The urgency of Rinklebe's call is shown by the forecast demand for 'rare earths' alone, which is estimated to increase fivefold by 2030 because the EU does not want to completely ban new cars with internal combustion engines until 2035. Therefore, he said, contracts with countries such as China or Latin America cannot be canceled. "But in the case of new contracts, it is our task as Germany to ensure that if we source 'rare earths' from countries such as China or Latin America, minimum standards in labor law/workplace safety and environmental protection are also observed locally there. Then we have to pay more to finance cell phones, laptops, etc. That is the contribution we need to make to a more socially just and clean world with a sustainability claim."

Raising awareness of dangers

Environmental problems always go hand in hand with social problems, Rinklebe knows, and especially in Asia, where he regularly works, there has often been a great deal of ignorance about the dangers of pollution in the past. "They often point to the West and say, yes, you guys did that too, you also boosted your economy in the last 300 years and didn't take the environment into account. That's true, is my answer, if you look at the industry here in Wuppertal, they never thought about the environment. That's why we also have to deal with contaminated sites today. But I always reply: first of all, the knowledge wasn't there back then, and an important point that has to be added is that the technologies to at least minimize this environmental damage didn't exist back then either." Today, he said, we are in a position to produce more sustainably and in a more environmentally friendly way, which costs more at the moment, but not in the long term. "Therefore, we must ensure today in advance that these environmentally harmful substances do not get into the environment in the first place, that we produce more cleanly so that less remediation is required afterwards. Economically, that's definitely more cost-effective."
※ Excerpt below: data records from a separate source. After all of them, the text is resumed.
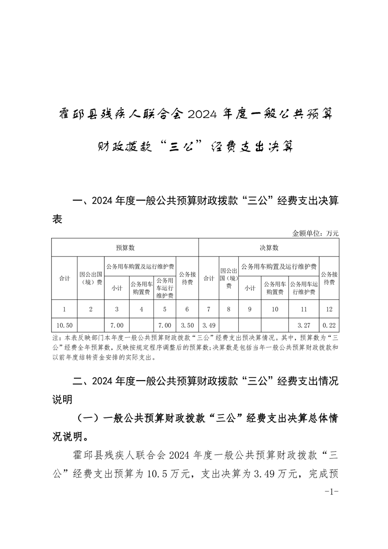霍邱县残疾人联合会 2024 年度一般公共预算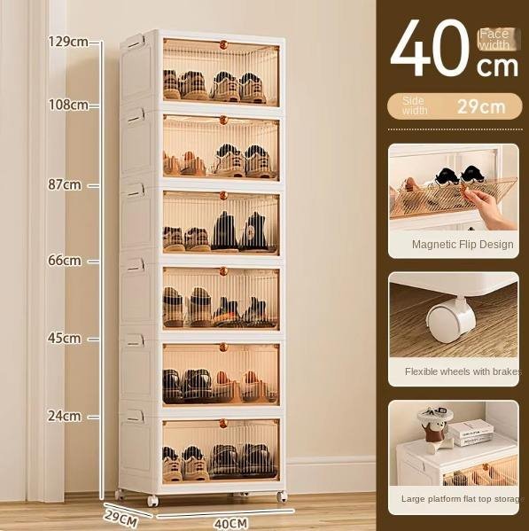 Modern 6-layer plastic folding storage rack with multifunctional design. Space-saving and durable, ideal for organizing clothes, toys, or household items neatly in bedroom, living room, or apartment.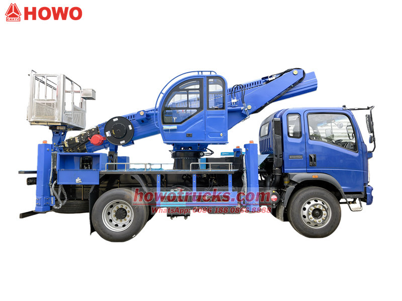 As a professional engineering vehicle, the Howo 18-meter articulated platform aerial truck is designed to combine reliable technical performance with comprehensive safety protection, making it suitable for various high-altitude operation scenarios. In terms of basic chassis and power configuration, the truck adopts the Howo all-wheel drive chassis, which lays a solid foundation for its flexible operation in complex road conditions. Equipped with an ISF3.8S3154 engine, it can output a maximum power of 154 horsepower.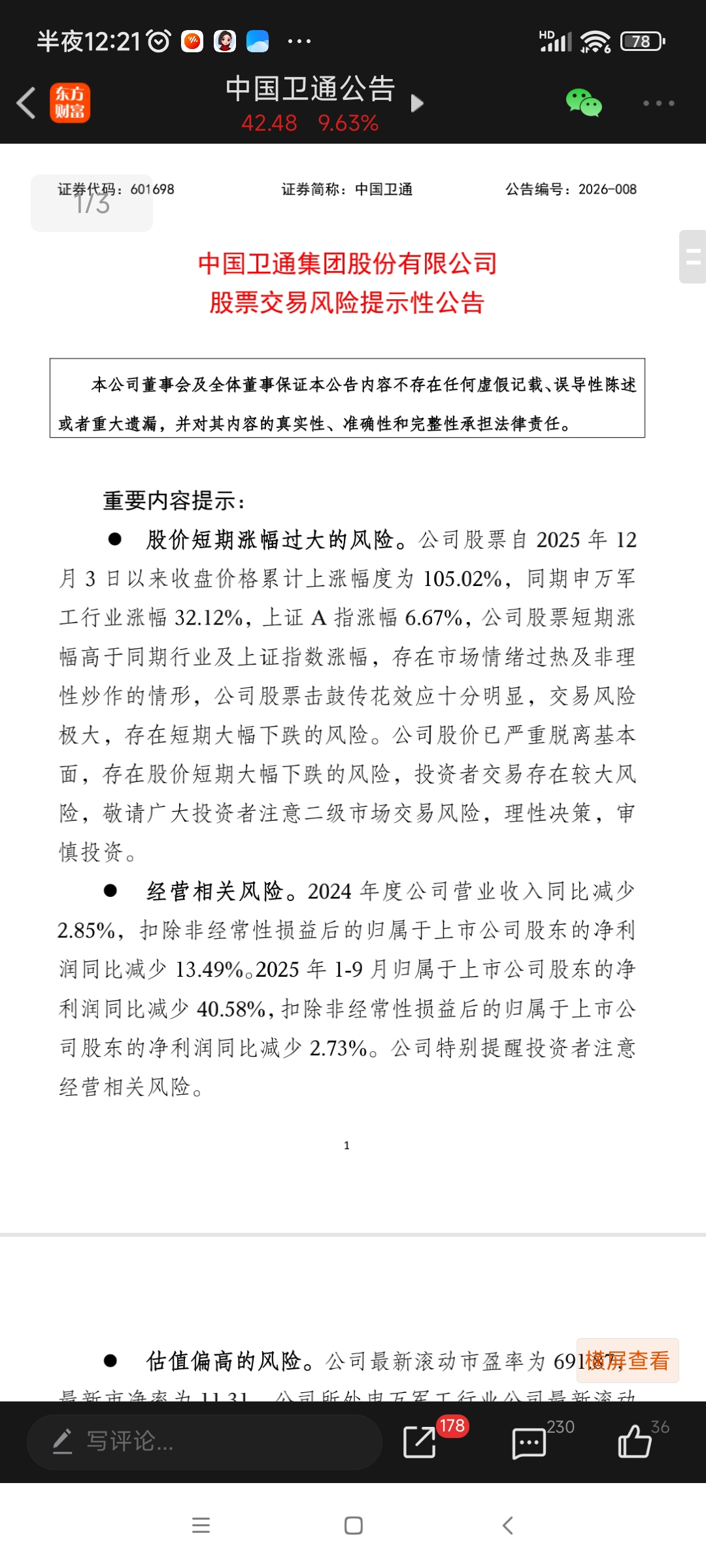 $中国卫通(SH601698)$ 一首凉凉送给大家,周一涨停

1000 questions to 2000 scientists

From September 6 to 10, Rinklebe is now organizing one of the largest conferences on the subject, which will take place in Wuppertal for the first time internationally with around 2000 scientists* from 76 nations. "Our expert colleagues come from all areas of environmental research and human health research. The motto of our conference is 'Clean Environment, Human Health, our Future', which means protect human health, protect the environment, because that is our future. This will certainly have a great impact beyond Wuppertal, North Rhine-Westphalia, Germany and Europe. We want to take this issue out into the world. The scientists will come together again after Corona. Especially during the coffee breaks and evening events, the enormously important discussions and networking will take place. New projects will emerge and we also hope to be able to give impulses to society and politics. It's scientific exchange to understand and solve previously unknown problems."

Uwe Blass 

Univ.- Prof. mult. Dr.-Ing. agr. Jörg Rinklebe has been Professor of Soil and Groundwater Management at the University of Wuppertal since 2006. He is considered one of the most influential scientists in his field worldwide. His work is very frequently cited, which is why he was named a "Highly Cited Researcher." He is ranked 4th on the world ranking list for environmental sciences, with only a few German scientists ever listed among the top 100. From 1997 to 2006, he worked as a scientist, research associate and project leader in the Soil Research Section of the UFZ Environmental Research Centre Leipzig-Halle GmbH in Halle. He studied ecology for one year at the University of Edinburgh in Scotland (UK). At Martin Luther University in Halle-Wittenberg, he studied agriculture and specialized in soil science and plant nutrition.